Bootstrap Modeling with {purrr} and {modler}

code
rtip
purrr
modelr
Author

Steven P. Sanderson II, MPH

Published

November 17, 2022

Introduction

Many times in modeling we want to get the uncertainty in the model, well, bootstrapping to the rescue!

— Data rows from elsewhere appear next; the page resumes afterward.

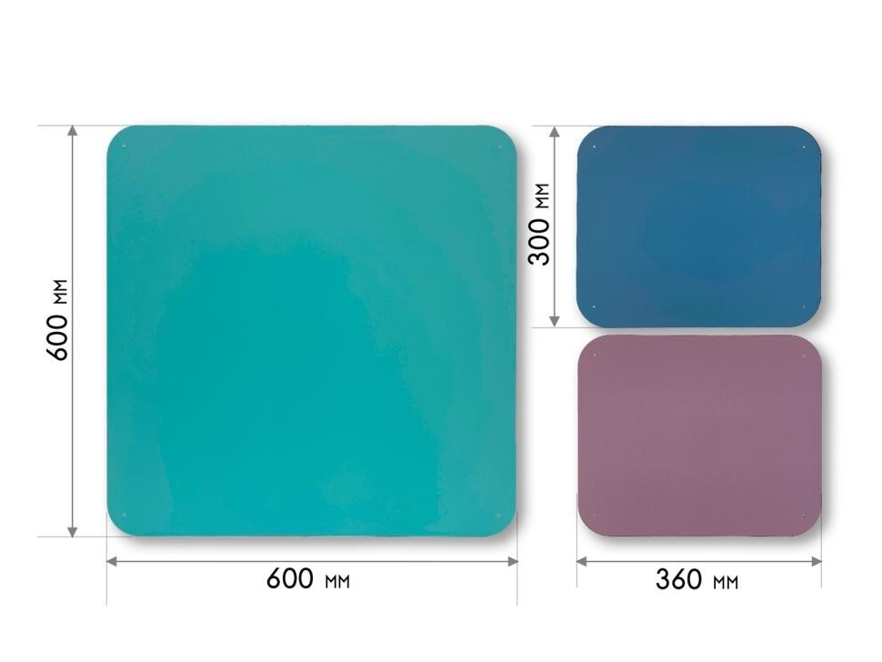 Дополнительные модули бывают однотонные и с тематическими иллюстрациями, подходящими под тематику дидактических панелей. Разнообразие размеров способствует декорированию стен различной конфигурации и масштабов. Параметры варьируются от совсем маленьких модулей 300х300 мм до крупных размеров 600х600 мм.
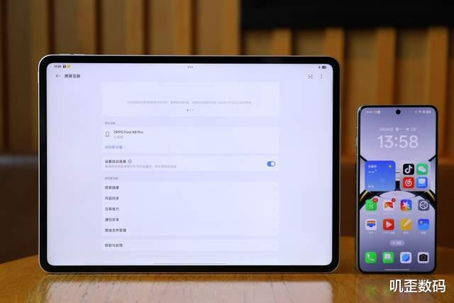如果你使用的是OPPO手机,那么也可以使用跨屏互联、内容镜像、应用接力、通信共享等功能。我们以跨屏互联为例,手机与平板连接之后,可以在平板上操作手机,查看消息或者接打电话,再也不用担心错过重要来电了。
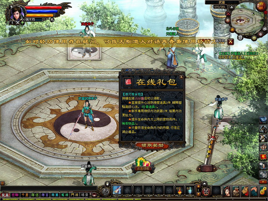 遊戲的過程只要持續在線達到一定時間,角色就可以獲得不同的新手大禮包,裡頭所贈送藥水、經驗道具有助於新手練功,並可在任務過程中,獲得一套實用的基本裝備。

I am going to go over a very simple example on how to use purrr and modelr for this situation. We will use the mtcars dataset.

Functions

The main functions that we are going to showcase are purrr::map() and modelr::bootstrap()

Examples

Let’s get right into it.

library(tidyverse)
library(tidymodels)

df <- mtcars

fit_boots <- df %>% 
  modelr::bootstrap(n = 200, id = 'boot_num') %>%
  group_by(boot_num) %>%
  mutate(fit = map(strap, ~lm(mpg ~ ., data = data.frame(.))))

fit_boots
# A tibble: 200 × 3
# Groups:   boot_num [200]
   strap                boot_num fit   
   <list>               <chr>    <list>
 1 <resample [32 x 11]> 001      <lm>  
 2 <resample [32 x 11]> 002      <lm>  
 3 <resample [32 x 11]> 003      <lm>  
 4 <resample [32 x 11]> 004      <lm>  
 5 <resample [32 x 11]> 005      <lm>  
 6 <resample [32 x 11]> 006      <lm>  
 7 <resample [32 x 11]> 007      <lm>  
 8 <resample [32 x 11]> 008      <lm>  
 9 <resample [32 x 11]> 009      <lm>  
10 <resample [32 x 11]> 010      <lm>  
# … with 190 more rows

Now lets get our parameter estimates.

# get parameters ####
params_boot <- fit_boots %>%
  mutate(tidy_fit = map(fit, tidy)) %>%
  unnest(cols = tidy_fit) %>%
  ungroup()

# get predictions
preds_boot <- fit_boots %>%
  mutate(augment_fit = map(fit, augment)) %>%
  unnest(cols = augment_fit) %>%
  ungroup()

Time to visualize.

library(patchwork)

# plot distribution of estimated parameters
p1 <- ggplot(params_boot, aes(estimate)) +
  geom_histogram(col = 'black', fill = 'white') +
  facet_wrap(~ term, scales = 'free') +
  theme_minimal()

# plot points with predictions
p2 <- ggplot() +
  geom_line(aes(mpg, .fitted, group = boot_num), preds_boot, alpha = .03) +
  geom_point(aes(mpg, .fitted), preds_boot, col = 'steelblue', alpha = 0.05) +
  theme_minimal()
  
# plot both
p1 + p2
`stat_bin()` using `bins = 30`. Pick better value with `binwidth`.

Voila!